For that moment before it happened the woman standing on the path had seemed a part of the beauty of the evening. She had looked tall and willowy slender, her cloak flapping in the breeze and revealing a dress of lighter color beneath. She had not been wearing a bonnet. Her hair was fair, perhaps even blond, her face oval and blue-eyed and lovely, though truth to tell he had seen it one-eyed from twenty feet away in the dusk and could not be sure he had observed accurately, especially as far as the color of her eyes was concerned.

She had looked like beauty personified. For one moment he had thought…

Ah, what was it he had thought?

That she had walked out of the night into his dreams?

It was embarrassing even to consider that that was perhaps what he had thought before he had come jolting back to reality.

But certainly he had taken a step toward her without speaking a word. And she had stood there, apparently waiting for him.

And then he had seen the horror in her eyes. And then she had turned and fled in panic.

What had he expected? That she would smile and open her arms to him?

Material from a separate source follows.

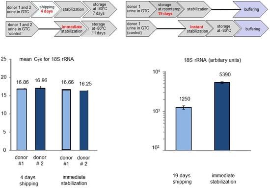 - Menke, T.B.; Warnecke, J.M. Improved Conditions for Isolation and Quantification of RNA in Urine Specimens. Ann. N. Y. Acad. Sci. 2004, 1022, 185–189. [Google Scholar] [CrossRef]

He gazed after her and was again Sydnam Butler, grotesquely ugly, with his right eye gone and the purple scars of the old burns down the side of his face, paralyzing most of the nerves there, and all along his armless side to his knee.

He was Sydnam Butler, who would never paint again, and for whom no woman would ever walk beautiful out of the night.

But he had left self-pity behind long ago, and resented moments such as this when his defenses had been lowered and it crept back in like a persistent and unwelcome guest to torment him. He knew that it would take him days to recover his equilibrium, to remind himself that he was now Sydnam Butler, the best and most efficient steward of the several Bewcastle employed to run his various estates-and that was the duke’s assessment, not his own.